Campbell achievement program rewards students with free ride



Within minutes of excitedly picking out his brand-new red bicycle, 10-year-old Petros Atsas, a fifth-grader at Campbell Elementary School, already had his first fall, accidentally knocking it over onto a carpeted patch of the cafeteria.

He shot a quick look at his father, Phillip Atsas, who simply shook his head and chuckled.

“At least it was without you,” said Phillip, a physical education teacher at the elementary school, who added that Petros had been long awaiting the day he’d receive his new bicycle.

Friday was that day.

Starting at 3:15 p.m., Petros, along with 53 other fifth-graders, could reap the tangible — and mobile — results of their hard work over the past year. They finally could pick up their new bicycles — which were available in red for boys, purple for girls, and orange for both — as a reward for passing the reading and math portions of the Ohio Achievement Assessments as fourth-graders.

Robert Walls, principal of Campbell Elementary School, said this year is the eighth for the program, which began when he wanted to find a way to recognize the district’s fourth-graders for their performance on the standardized tests. The tests are administered each spring, while the results are released in June.

“I wondered, ‘What could I give them that they would, No. 1, go for, and, No. 2, use on an everyday basis?’” Walls said.

He then realized that a lot of children in Campbell didn’t have bicycles, and he recruited the help of the Campbell Ecumenical Council, which represents every church in the city.

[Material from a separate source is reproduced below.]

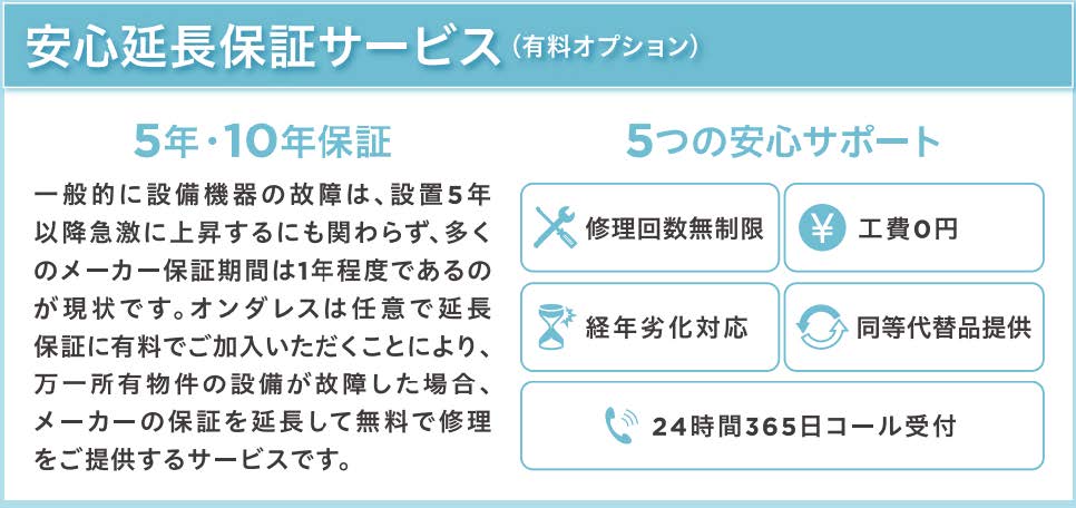 購入時に安心延長保証サービスを付帯いただくことにより、設置日より最長10年間、修理回数無制限で無償修理をご利用いただけます。
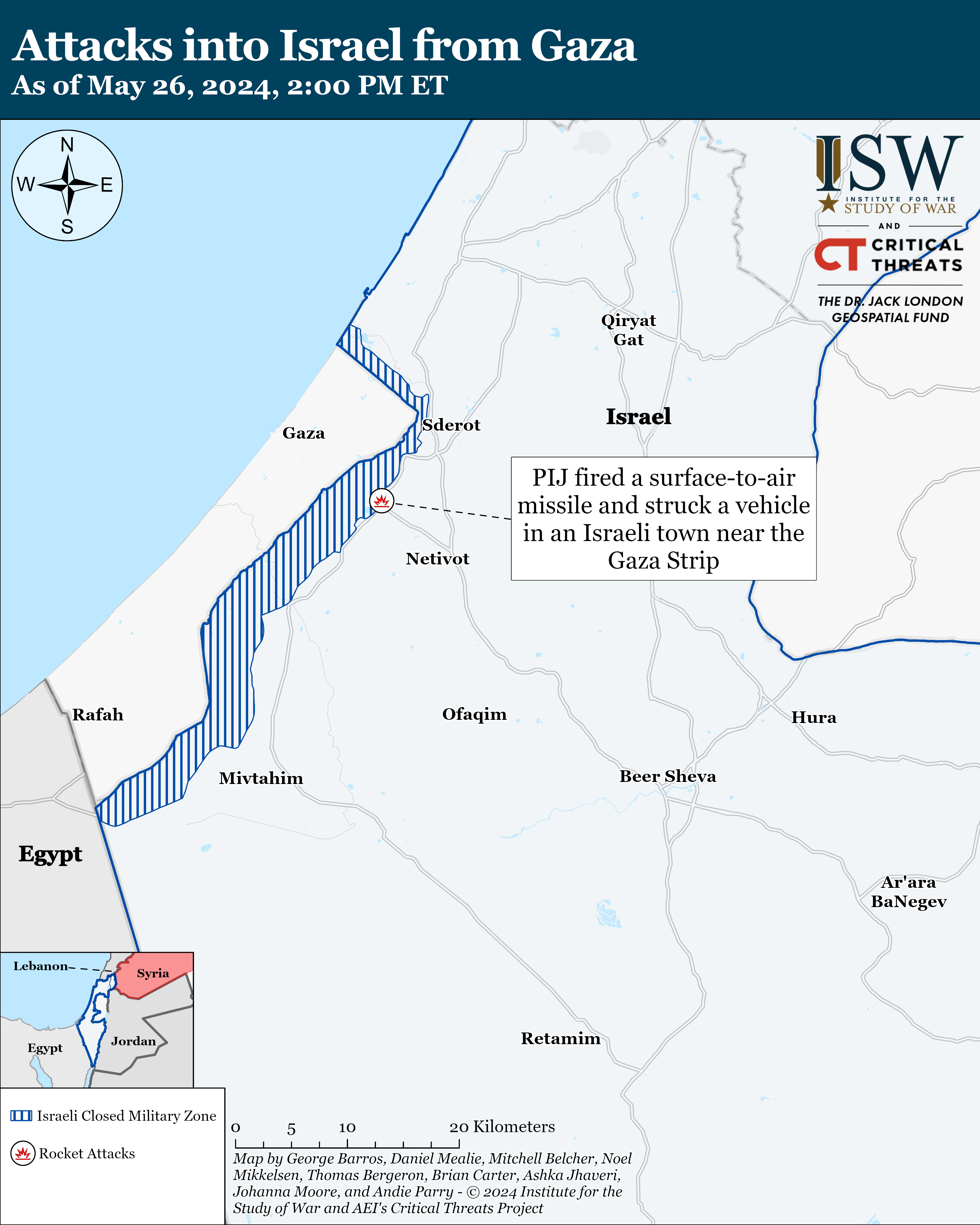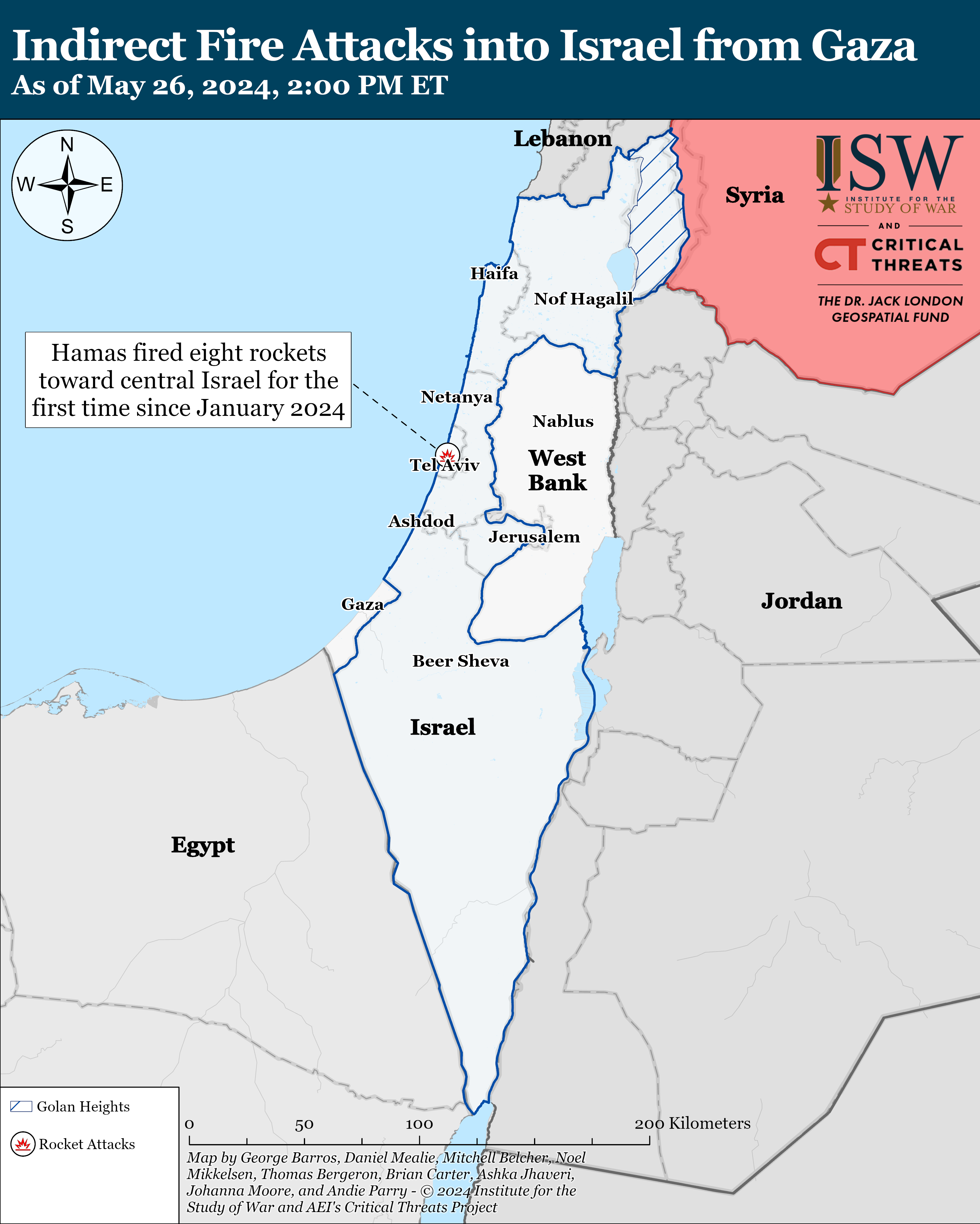 Hamas fired a rocket barrage at central Israel from Rafah on May 26.[30] The IDF said that Hamas fired eight rockets from Rafah.[31] Hamas last targeted central Israel in late January 2024.[32] Israeli air defenses intercepted several on the rockets.[33] Several rockets struck uninhabited areas in central Israel, north of Tel Aviv.[34] Israeli War Cabinet member Benny Gantz said that the Hamas rocket barrage on central Israel fired from Rafah demonstrates why Israel needs to continue its clearing operation there.[35] The IDF Air Force struck two rocket launchers in Rafah aimed at Kerem Shalom prior to the Hamas rocket attack.[36] PIJ also fired a ”surface-to-air missile” at an Israeli town near the Gaza Strip on May 26.[37] The attack damaged a vehicle.[38]

Ever since then, the council has raised the money — usually between $3,000 and $5,000 per year — to purchase bicycles, Walls said.

This year’s class is a bit smaller than in past years, he added, explaining that the council usually funds around 62 to 68 bicycles, which are dispersed at the start of the school year. In addition, they’re typically displayed on the cafeteria stage for a few days beforehand, just to stir up interest.

Tony Labrie, the council treasurer, said raising the money to buy the bicycles involves numerous organizations and individuals, including those from outside of the city. Everyone from doctors to churches, to city administrators to police officers, helps out with the program, Labrie added, explaining that many who donate believe it’s a worthwhile endeavor.

Though this academic year is Walls’ last as principal of Campbell Elementary, he said he’s been working to ensure the bicycle-giveaway program continues after he retires. Both his replacement and members of the council already have given their word, he added.

And as Petros guarded his bicycle, his father added that all three of his children — ages 10, 12 and 13 — have received bicycles through the program. He’s hopeful that many more of the district’s children will continue to receive new bikes for their hard work in the coming years.

“I just think the program is awesome,” Phillip said.